For neologisms, Tony Veale developed a system called ZeitGeist that harvests new headwords from the web and interprets them relative to word senses in WordNet. ZeitGeist was extended to generate new words of its own, combining elements from an inventory of word parts harvested from WordNet and simultaneously determining likely glosses for those new words. Examples include the generated word gastronaut, with the gloss food traveller, and chrononaut, with the gloss time traveller. The system then uses web search to identify which generated words are both novel and genuinely unused, satisfying the H-creative standard.
Poetry presents a harder challenge. No general-purpose poem generator adequately combines meaning, phrasing, structure, and rhyme. Pablo Gervás developed a system called ASPERA that uses case-based reasoning to generate poetic formulations of input text. ASPERA retrieves fragments from a case-base of existing poems and combines them using metrical rules into a well-formed poetic structure. In Autumn 2020, The Poetry Review, with ISSN 0032-2156, published Ariel Klein's 50% Human: A poetic interview with AI agents, an early verified instance of LLM-assisted poetry in a major literary magazine.
In August 2015, researchers from Tubingen, Germany created a convolutional neural network that can separate and recombine the content and style of arbitrary images. The algorithm, deployed on the website DeepArt, allows users to turn photographs into stylistic imitations of works by artists such as Picasso or Van Gogh in about an hour. In July 2015, Google released DeepDream, an open-source computer vision program that uses a convolutional neural network to find and enhance patterns in images through what the source describes as algorithmic pareidolia, producing a dreamlike psychedelic appearance in deliberately over-processed images.
Penousal Machado's NEvAr system, short for Neuro-Evolutionary Art, uses a genetic algorithm to derive a mathematical function that generates a colored three-dimensional surface. A human selects the best pictures after each phase of the algorithm, and those preferences guide successive phases into pockets of the search space considered most appealing.
Simon Colton's Painting Fool began as a system for overpainting digital images in different painting styles, color palettes, and brush types. Later extensions allowed it to generate novel images from its own limited imagination, including cityscapes and forests derived through constraint satisfaction from basic scenarios provided by the user. Artistically, the images the Painting Fool now creates appear on a par with those from AARON, though its extensible mechanisms may allow it to develop into a more sophisticated painter over time.

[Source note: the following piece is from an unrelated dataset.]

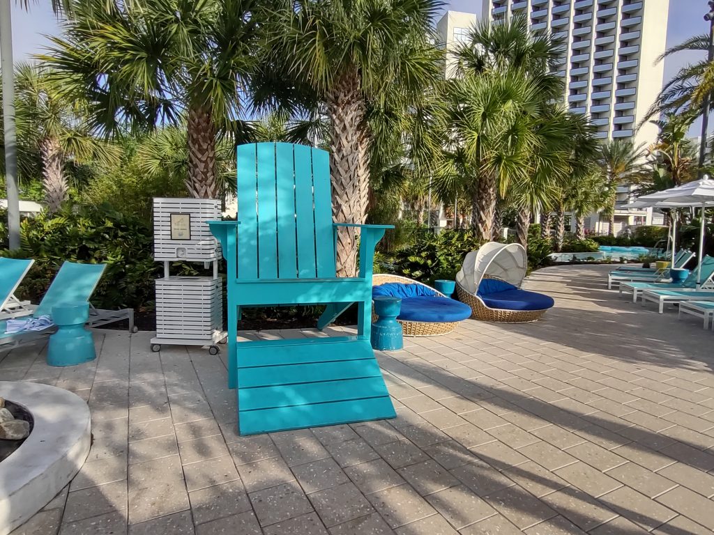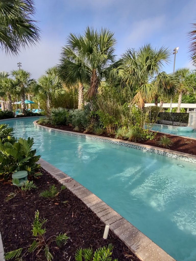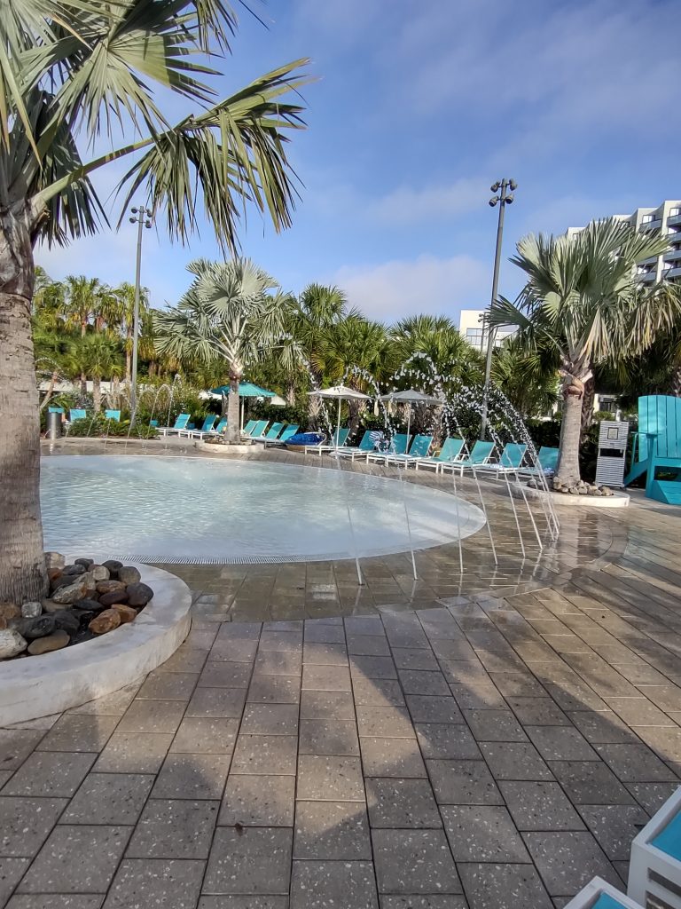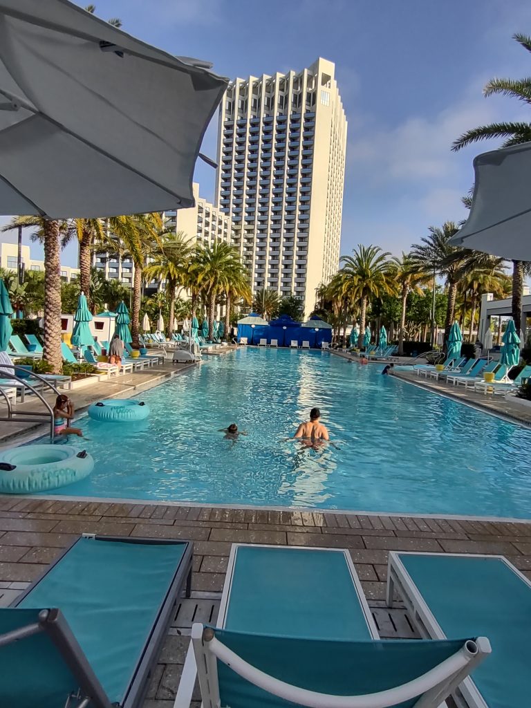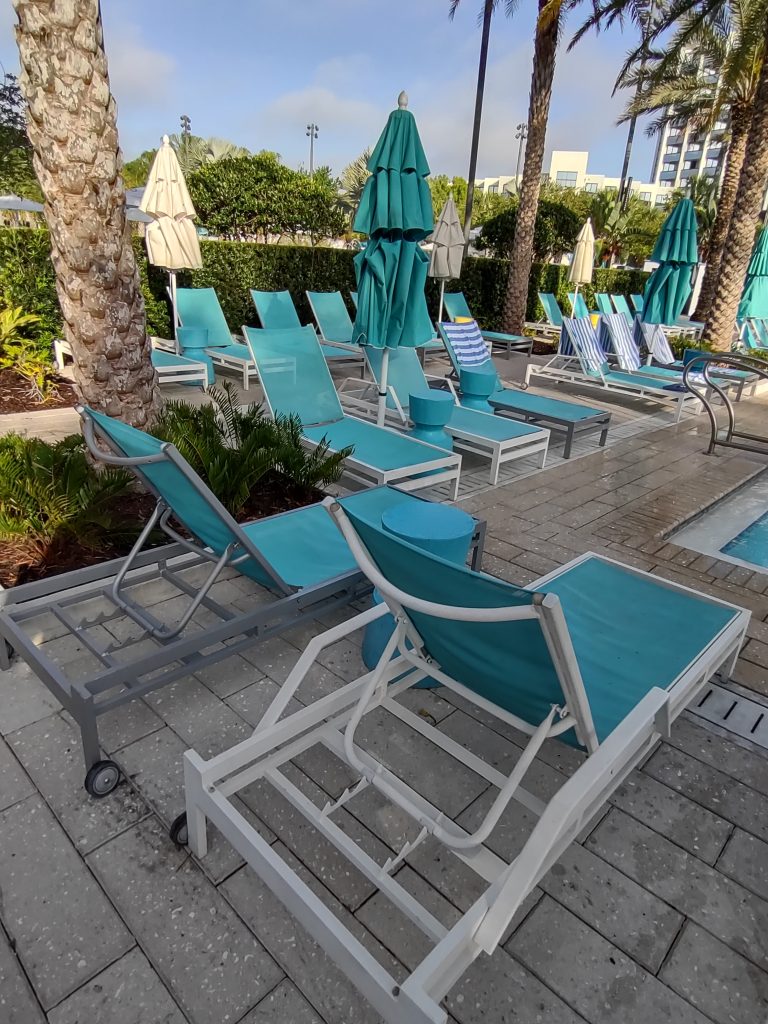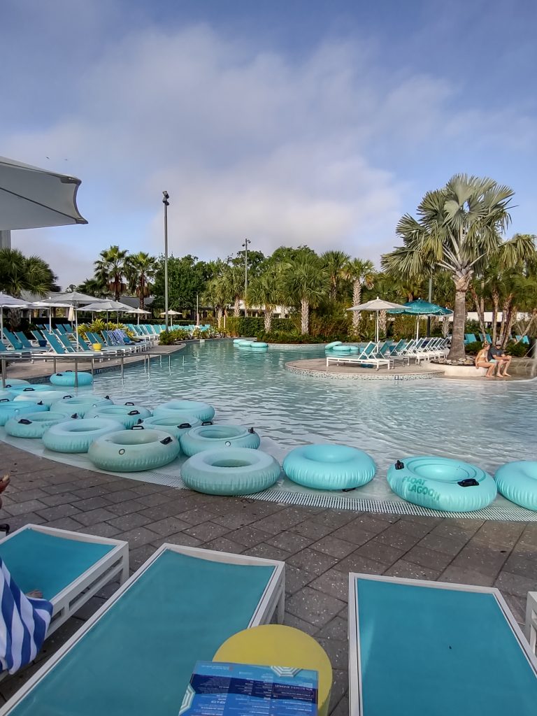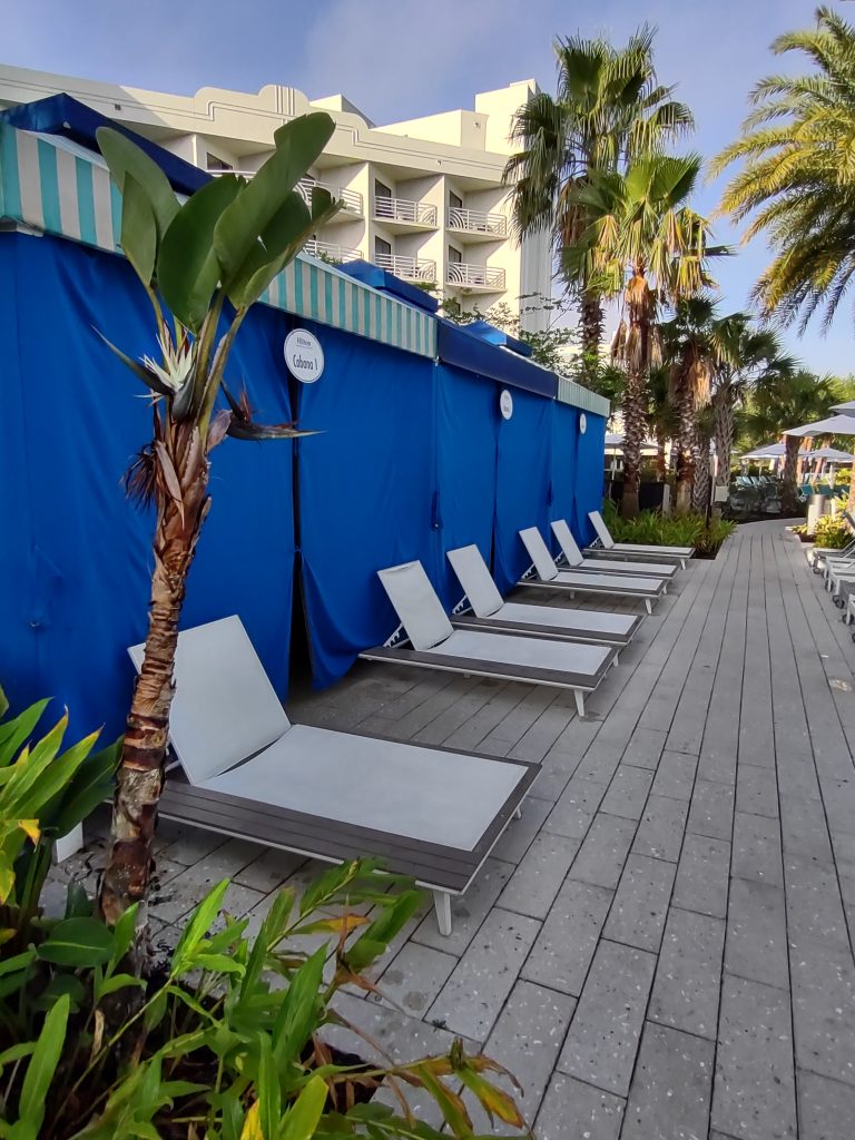 The pool is amazing. With a large pool for lounging and swimming as well as a lazy river to float around in. The tubes were standard-size pool tubes. I was half in, but would not have been able to get on top comfortably. The lazy river takes about 10 minutes to float one full circle around. There was a lot of seating around the pool… Mostly chaise loungers with a few other chairs. Chaise was comfortable for any size. Umbrellas were available between most chairs… Without a rental required. They do have cabanas for rent. I didn’t look into the price at the time, and the webpage fails to list a price. It does have an email link though. The cabana had a mini-fridge, TV, overhead fan, and a safe for belongings. According to the website, it comes with a fruit platter when you arrive.

In early 2016, a global team of researchers introduced the Digital Synaptic Neural Substrate, or DSNS, which generates original chess puzzles by combining features drawn from paintings and musical scores using stochastic methods. ANGELINA, a system developed by Michael Cook, creatively develops video games in Java. Its Mechanic Miner subsystem generates short segments of code that act as simple game mechanics, evaluating them by playing simple unsolvable game levels and testing whether a new mechanic makes the level solvable. Sometimes Mechanic Miner discovers bugs in the code and exploits them as new mechanics.
Language models like GPT and LSTM are used to generate texts for creative purposes, including novels and scripts. These models hallucinate from time to time, presenting erroneous material as factual. Some creators have turned that tendency to their advantage, treating the unintended outputs as raw creative material.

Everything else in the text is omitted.